This new brain circuit, described in Nature Neuroscienceplays a role in modulating the attention and perceptionand may hold the key to treating attention disorders such as ADHD that to this day are still not well understood or adequately treated, despite the abundance of research on the role of neurons.
This new brain circuitry plays a role in modulating attention and perception.
Scientists have discovered that the noradrenalinea neurotransmitter that can be thought of as adrenaline for the brain, sends a chemical message to neurons to make them more alert, while sending another to astrocytes to calm overactive neurons.
“When you’re scared or overwhelmed, there’s so much activity in your brain that you can’t take in any more information,” he said. Kira Poskanzer, PhD, assistant professor of biochemistry and biophysics and lead author of the study.
Until this study, it was assumed that brain activity simply calmed down over time as the amount of norepinephrine in the brain dissipated. “We showed that it is, in fact, the astrocytes that pull the parking brake and bring the brain into a more relaxed state,” said Poskanzer.
a missing piece
Astrocytes are star-shaped cells woven between neurons in the brain in a grid-like pattern. Its many stellar arms connect a single astrocyte with thousands of synapses, which are the connections between neurons. This arrangement positions astrocytes to listen to neurons and regulate their signals.

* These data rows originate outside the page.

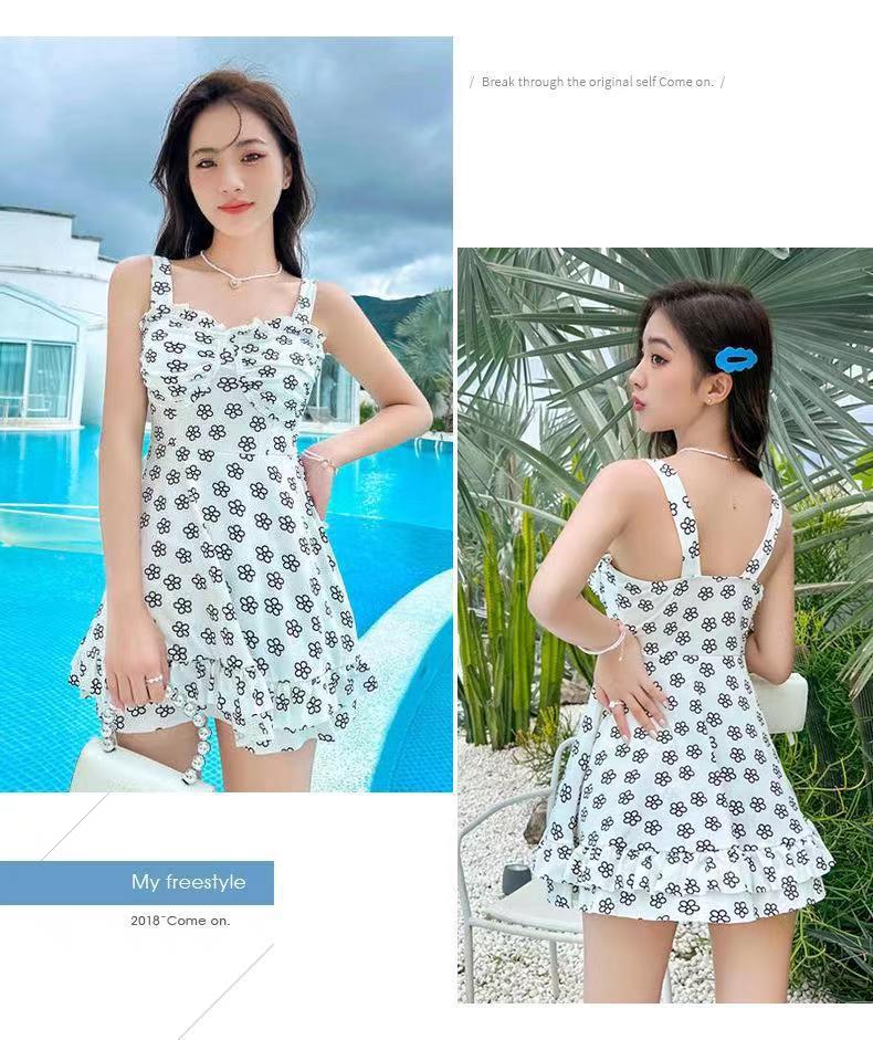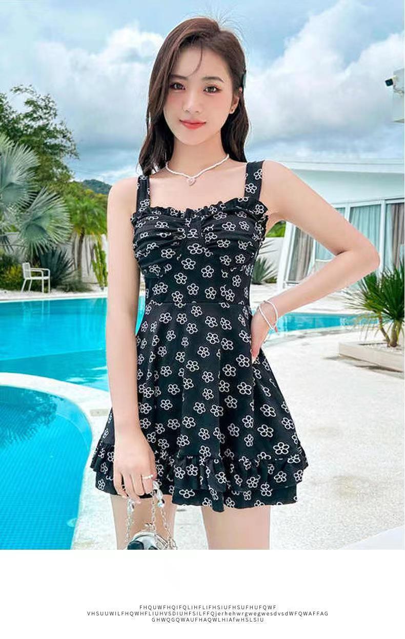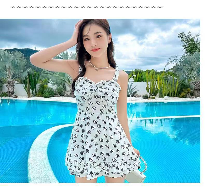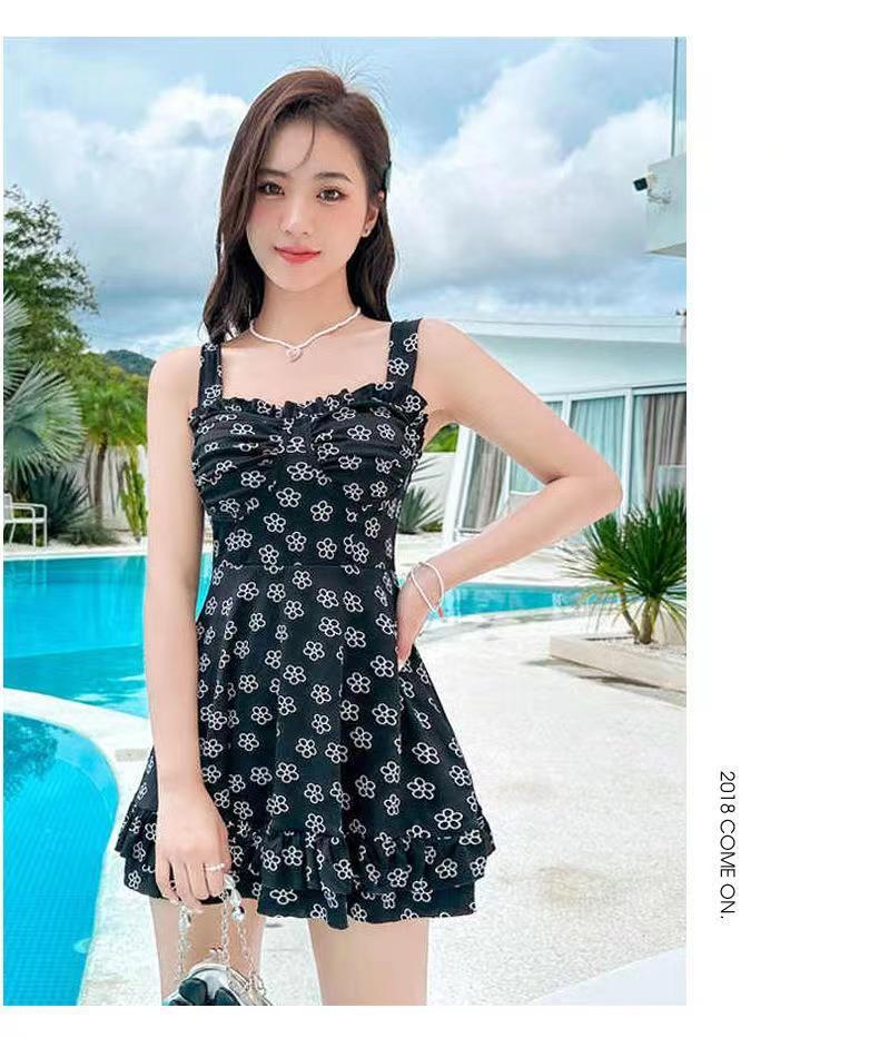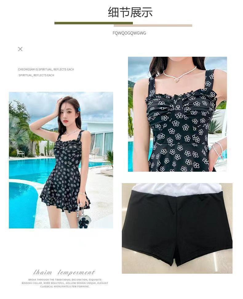水着女性温泉高級感ワンピース水着肩砕花スカート式遮肉保守純欲水着メーカー
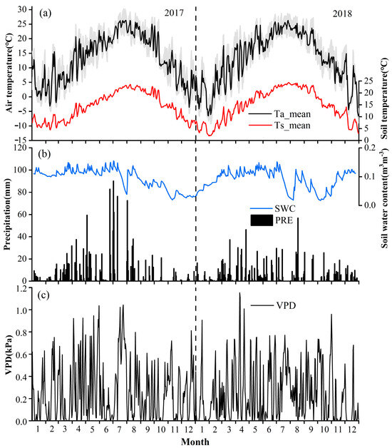 Annual courses of (a) mean daily air temperature (Ta_mean; maximum and minimum air temperatures are depicted in gray shadings) and daily mean soil temperature (Ts_mean), (b) daily total precipitation (Pr) and mean daily soil water content (SWC) and (c) mean daily vapor pressure deficit (VPD) at the study site in Lushan Mountain during 2017 and 2018.
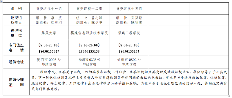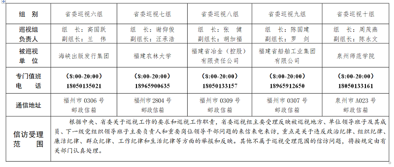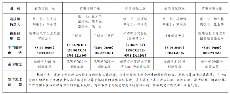 根据《中国共产党巡视工作条例》及中央、福建省委关于巡视工作的部署要求,经省委巡视工作领导小组同意,从5月上旬开始,省委巡视组对三明市、平潭综合实验区(含平潭县)、三明市三元区,福建师范大学、福建农林大学、集美大学、泉州师范学院、福建工程学院、福建信息职业技术学院、海峡出版发行集团、福建省投资开发集团有限责任公司、福建省船舶工业集团有限公司党委,福建省冶金(控股)有限责任公司、福建省汽车工业集团有限公司党组开展常规巡视。对设区市的巡视时间2个月左右,对省属高校、省属国有企业、县(市、区)巡视时间40天左右。日前,13个巡视组已进驻巡视。

These cells have traditionally been regarded as simple support cells for neurons, but new research over the past decade shows that astrocytes respond to a variety of neurotransmitters and may play critical roles in neurological conditions such as Alzheimer’s.
michael reitmannPhD, the paper’s first author who was a graduate student in Poskanzer’s lab when he conducted the research, wanted to know whether astrocyte activity could explain how the brain recovers from a burst of norepinephrine.
“It felt like there was a missing centerpiece to explain how our brains recover from such acute stress,” Reitman said. “There are these other cells very close by that are sensitive to norepinephrine and can help coordinate what the neurons around them are doing.”
guardians of perception
The team focused on understanding perception, or how the brain processes sensory experienceswhich can be very different depending on what state a person (or any other animal) is in at the moment.
For example, if you hear thunder as you settle in, the sound may seem comforting and your brain may even shut down. But if you hear the same sound while walking, your brain may be more alert and focused on safety. “These differences in our perception of a sensory stimulus occur because our brains process information differentlydepending on the environment and the state we’re already in,” said Poskanzer, who is also a member of the Kavli Institute for Fundamental Neuroscience.
To do this, Poskanzer and Reitman looked at how mice responded when given a drug that stimulated the same receptors that respond to norepinephrine. They then measured how much the mice’s pupils dilated and looked at brain signals in the visual cortex. But what they found seemed counterintuitive: instead of exciting the rats, the drug relaxed them..
“That result really doesn’t make sense given the models we have, and it led us to think that another cell type might be important here,” Poskanzer said. “It turns out that these two things are united in one feedback loop. Given the number of neurons each astrocyte can communicate with, this system makes them really important and differentiated regulators of our perception.”
The researchers suspect that astrocytes may play a similar role for other neurotransmitters in the brain, as being able to seamlessly transition from one brain state to another is essential for survival.